Each command writes full JSON to a file (--output PATH, default a temp file) and prints a concise stdout summary. All region/sample commands share: the region input (--chrom/--start/--end with optional --ref/--alt, or one or more repeated --region CHR:START-END), the zygosity flags (--het-only/--hom-only, default both), and the annotation filters above. The full per-flag tables live in references/onekgpd_commands.md.

Variant-returning commands

select-* return matching variants; count-* return an integer count.

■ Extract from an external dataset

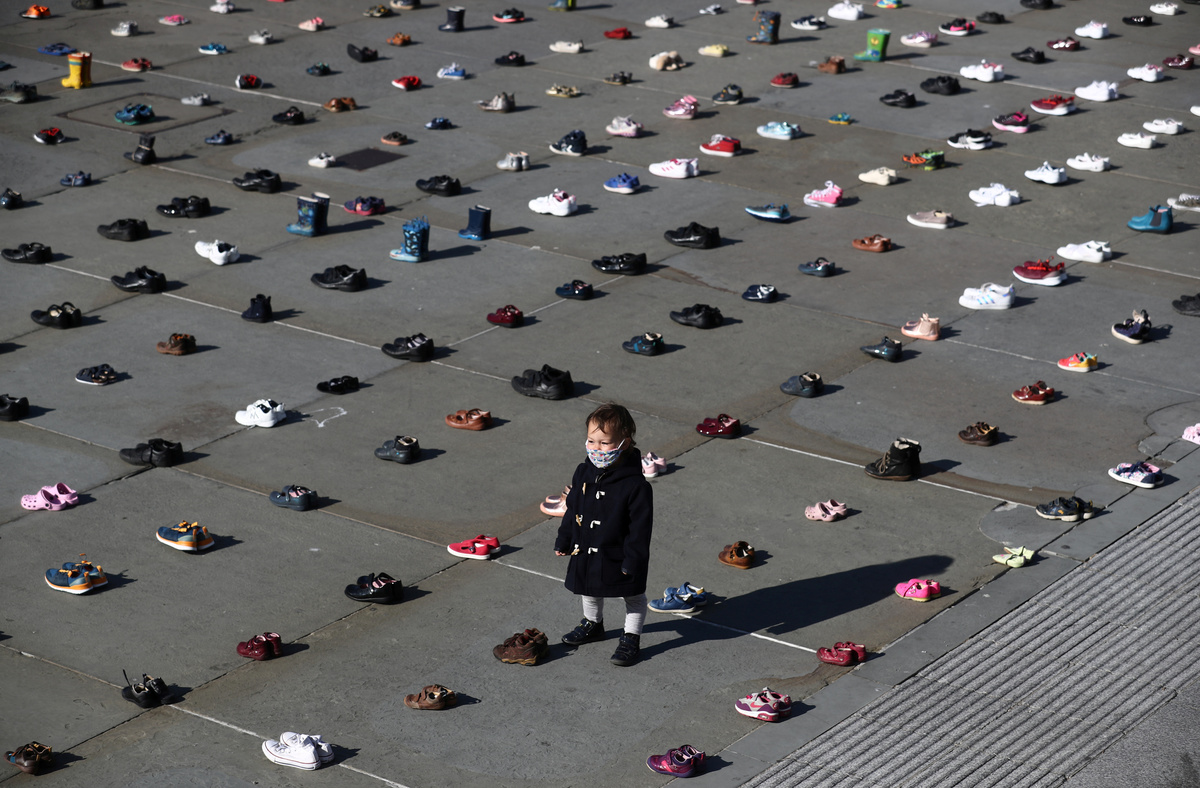 A child wearing a face mask stands surrounded by shoes, after Civil disobedience group Extinction Rebellion laid out 1,500 pairs of children's shoes in Trafalgar Square in central London in a protest to demand the government adopts a climate-friendly economic recovery plan, following the outbreak of the coronavirus disease (COVID-19), London, Britain May 18, 2020. REUTERS/Simon Dawson TPX IMAGES OF THE DAY

  • count-variants — count variants in a region, cohort-wide.
  • select-variants — select variants in a region, cohort-wide. Use --limit N (hard cap, default 1000) or --page-size N (retrieve the full set in pages); the two are mutually exclusive. The summary flags truncated when the cap is reached.
  • count-variants-in-samples — as count-variants, restricted to --samples NAME1,NAME2,... (required).
  • select-variants-in-samples — as select-variants, restricted to --samples NAME1,NAME2,... (required).

Each returned variant carries these 19 keys: chr, start, end, ref, alt, af, ac, an, homc, hetc, misc, homfc, hetfc, misfc, gnomad_exomes_af, gnomad_genomes_af, am_score, amino_acids, biallelic. ClinVar significance and VEP consequence are filter criteria only and are not returned. Full schema: references/onekgpd_commands.md.

Sample-returning commands

  • count-samples — count individuals carrying a matching variant in a region.
  • select-samples — list the names of individuals carrying a matching variant. Supports --skip N and --limit N. Returns names only; to see which variants qualified an individual, feed the names into select-variants-in-samples.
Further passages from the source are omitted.